On Mon, 10 Dec 2018, Sasha Levin wrote:
> On Mon, Dec 10, 2018 at 10:16:03PM +0100, Thomas Gleixner wrote:
> > On Mon, 10 Dec 2018, Sasha Levin wrote:
> > > How should we proceed with this patch?
> > 
> > I'll look into that once this is sorted... I so love these rotten kernels.
> 
> It seems we need:
> 
> 	734009e96d19 ("futex: Change locking rules")
> 
> Which isn't trivial to backport.

It's simpler to backport the fix.
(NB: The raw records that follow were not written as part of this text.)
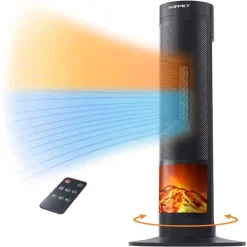 ZENEZ Keramischer Turm-Raumheizer Mit Massivholz-Set, Design Mit Fernbedienung.
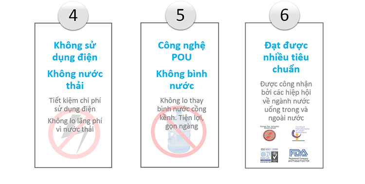 - Các khoáng chất thiên nhiên của nước có lợi cho sức khỏe hoàn toàn được giữ lại và đồng thời bổ sung thêm khoáng chất hữu cơ như Ca, K, Na, Mg… để bảo vệ sức khỏe bạn một cách toàn diện
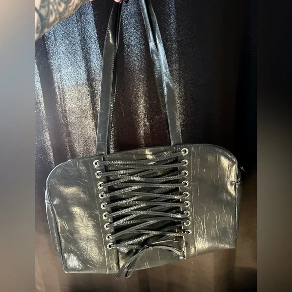 Never used, large and spacious bag. Dark grey colour with silver accents, faux leather. Paid $183 CAD asking $165.
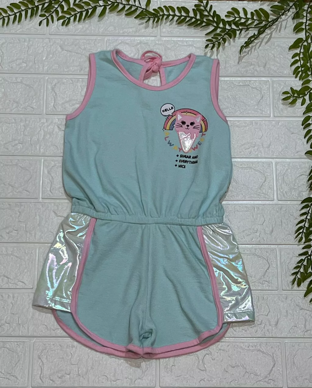 Esse macaquinho é lindo demais com amarração na parte superior traseira, com aplicação de detalhes do sorvete, super leve e fresquinho.
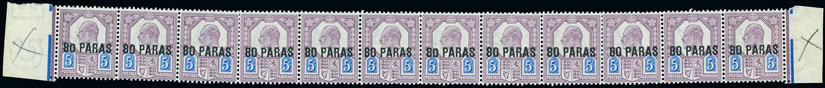 Trinidad and Tobago: 1918 (Feb.-May) ''War/Tax'' type 26 on 1/2d. bluish green a mint vertical strip of five, lower four stamps without overprint (on reverse due to paper folds), reinforced perfs., each has blue mark on gum, otherwise fine and rare. S.G. 187a, cat. £1,500+. Photo.
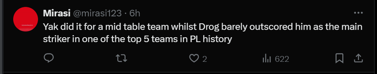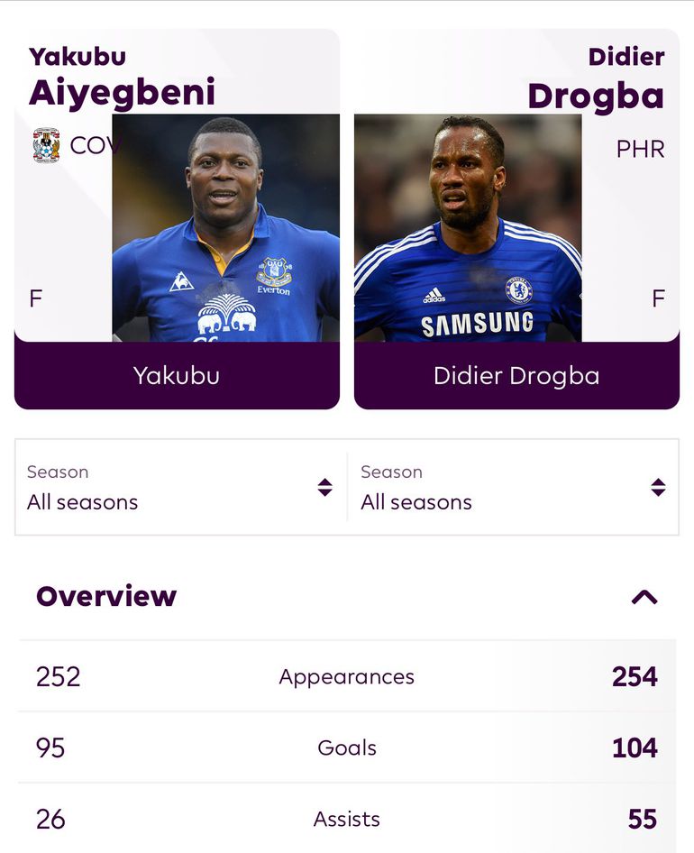 The post featured a screenshot from the Premier League website's player comparison feature, and displayed Drogba and Yakubu’s total Premier League appearances, goals and assists.

I'll look at that once we agreed on the
final solution.

Thanks,

	tglx

^ permalink raw reply	[flat|nested] 13+ messages in thread

* Re: [patch] futex: Cure exit race
  2018-12-11  8:04 ` Stefan Liebler
@ 2018-12-11 10:32   ` Thomas Gleixner
  0 siblings, 0 replies; 13+ messages in thread
From: Thomas Gleixner @ 2018-12-11 10:32 UTC (permalink / raw)
  To: Stefan Liebler
  Cc: LKML, Heiko Carstens, Peter Zijlstra, Darren Hart, Ingo Molnar

Stefan,

On Tue, 11 Dec 2018, Stefan Liebler wrote:
> does this also handle the ESRCH returned by
> attach_to_pi_owner(...)
> {...
> 	if (!pid)
> 		return -ESRCH;
> 	p = find_get_task_by_vpid(pid);
> 	if (!p)
> 		return -ESRCH;
> ...
> 
> I think pid should never be zero when attach_to_pi_owner is called.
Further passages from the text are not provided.